Task prompt
Quote, exactly, the line holding "Traditionelles Dorfplatteln ab" and all lines after it to the end of the records below. Exclude pictures.

[Entries taken from a collection]
-=-=-

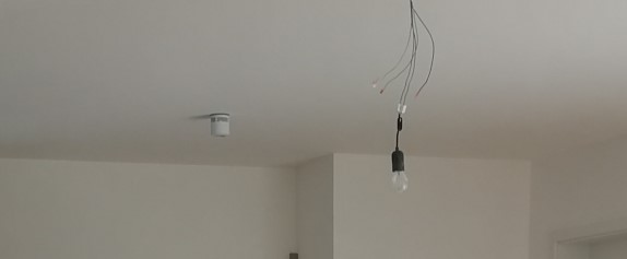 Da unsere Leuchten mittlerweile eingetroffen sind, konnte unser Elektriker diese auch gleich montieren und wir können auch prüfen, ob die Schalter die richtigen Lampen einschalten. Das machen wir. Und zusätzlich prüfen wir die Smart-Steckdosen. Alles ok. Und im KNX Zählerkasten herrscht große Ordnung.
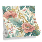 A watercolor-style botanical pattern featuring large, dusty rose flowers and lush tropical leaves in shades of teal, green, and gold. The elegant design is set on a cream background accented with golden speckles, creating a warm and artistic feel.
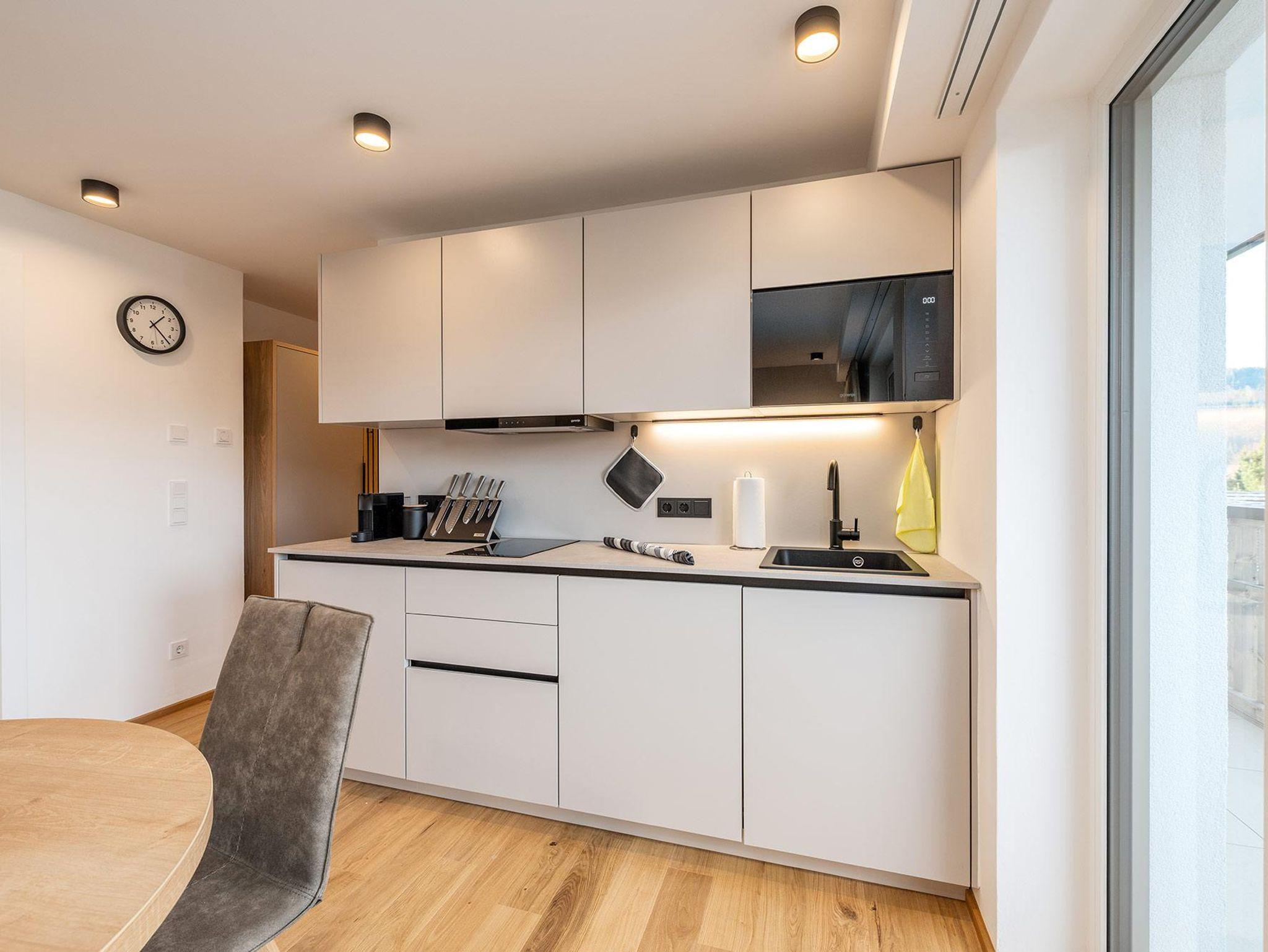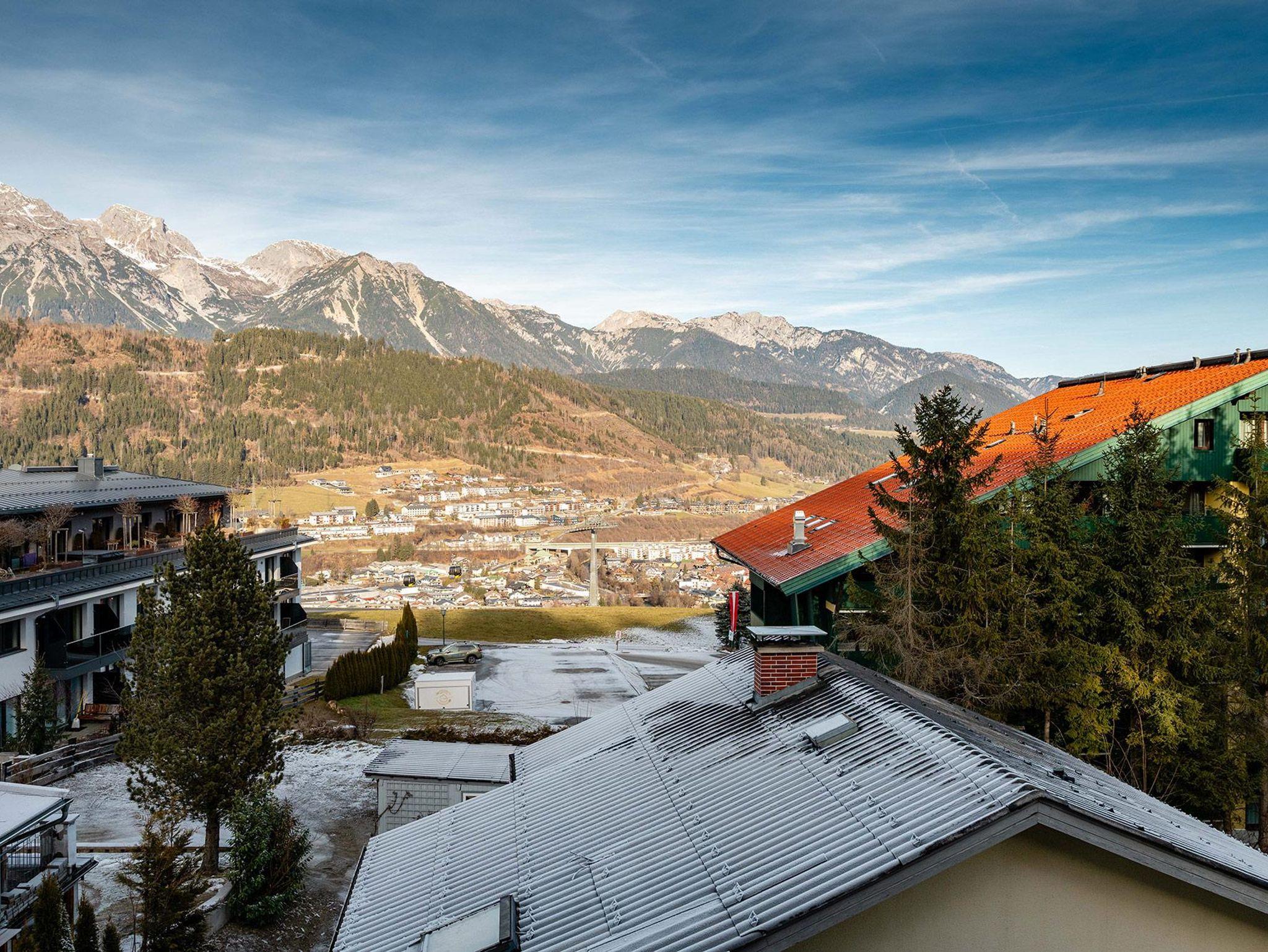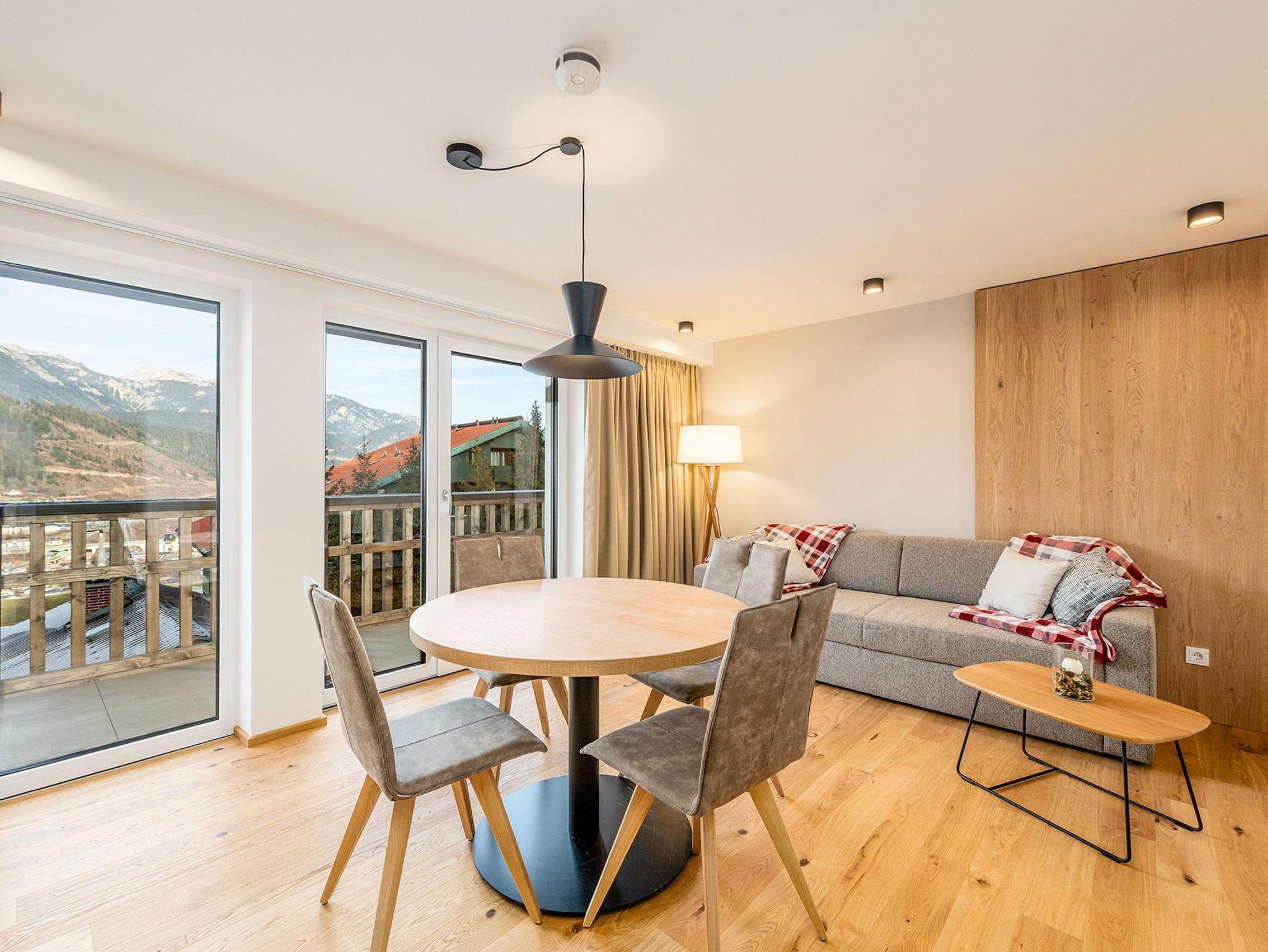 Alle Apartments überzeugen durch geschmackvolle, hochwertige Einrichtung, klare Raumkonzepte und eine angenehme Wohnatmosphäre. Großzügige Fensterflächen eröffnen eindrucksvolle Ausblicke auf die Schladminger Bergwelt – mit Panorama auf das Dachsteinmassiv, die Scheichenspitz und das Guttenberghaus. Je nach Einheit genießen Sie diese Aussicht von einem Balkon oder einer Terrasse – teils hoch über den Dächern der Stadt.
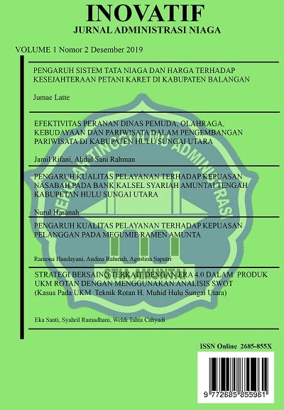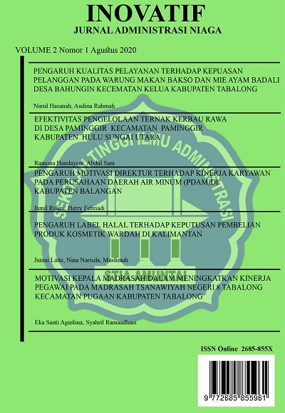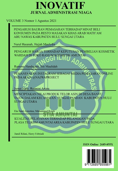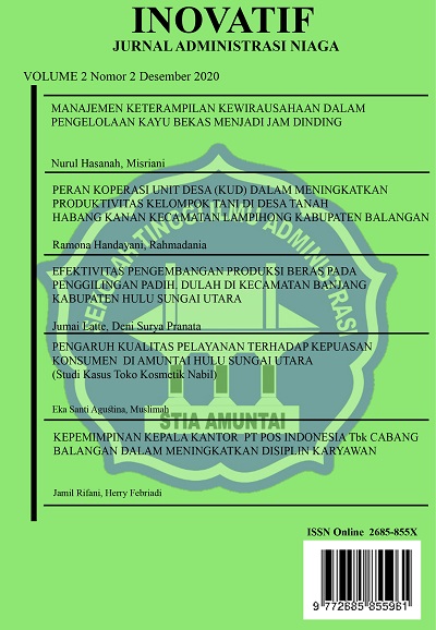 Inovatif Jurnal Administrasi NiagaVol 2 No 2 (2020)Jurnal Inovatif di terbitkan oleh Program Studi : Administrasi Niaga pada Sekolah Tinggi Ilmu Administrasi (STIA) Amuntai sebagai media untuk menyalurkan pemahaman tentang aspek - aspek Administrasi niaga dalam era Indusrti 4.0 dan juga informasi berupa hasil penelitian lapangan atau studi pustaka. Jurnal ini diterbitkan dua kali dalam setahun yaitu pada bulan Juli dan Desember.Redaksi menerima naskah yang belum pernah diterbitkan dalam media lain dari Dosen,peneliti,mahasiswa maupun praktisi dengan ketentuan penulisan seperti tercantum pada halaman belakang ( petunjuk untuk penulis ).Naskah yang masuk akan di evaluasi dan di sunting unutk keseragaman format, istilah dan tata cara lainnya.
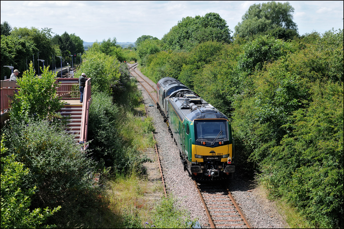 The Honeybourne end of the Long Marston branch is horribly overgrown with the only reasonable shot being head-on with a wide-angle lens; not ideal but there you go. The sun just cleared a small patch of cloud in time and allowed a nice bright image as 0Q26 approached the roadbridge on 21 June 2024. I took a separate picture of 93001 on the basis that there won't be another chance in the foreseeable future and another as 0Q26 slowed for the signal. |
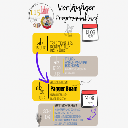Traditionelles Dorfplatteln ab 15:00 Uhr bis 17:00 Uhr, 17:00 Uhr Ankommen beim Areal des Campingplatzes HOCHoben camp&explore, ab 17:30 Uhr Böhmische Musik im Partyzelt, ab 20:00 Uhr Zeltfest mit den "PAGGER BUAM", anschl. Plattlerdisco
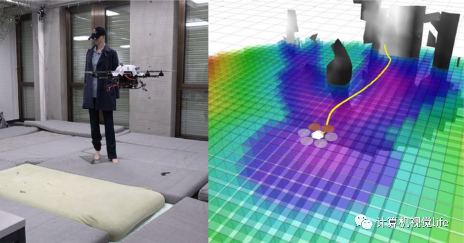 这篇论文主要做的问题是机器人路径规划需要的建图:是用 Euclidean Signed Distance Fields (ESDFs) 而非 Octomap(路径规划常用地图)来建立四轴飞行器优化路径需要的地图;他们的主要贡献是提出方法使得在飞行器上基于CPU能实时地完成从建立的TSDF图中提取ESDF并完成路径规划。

-=-=-

Output
Traditionelles Dorfplatteln ab 15:00 Uhr bis 17:00 Uhr, 17:00 Uhr Ankommen beim Areal des Campingplatzes HOCHoben camp&explore, ab 17:30 Uhr Böhmische Musik im Partyzelt, ab 20:00 Uhr Zeltfest mit den "PAGGER BUAM", anschl. Plattlerdisco
 这篇论文主要做的问题是机器人路径规划需要的建图:是用 Euclidean Signed Distance Fields (ESDFs) 而非 Octomap(路径规划常用地图)来建立四轴飞行器优化路径需要的地图;他们的主要贡献是提出方法使得在飞行器上基于CPU能实时地完成从建立的TSDF图中提取ESDF并完成路径规划。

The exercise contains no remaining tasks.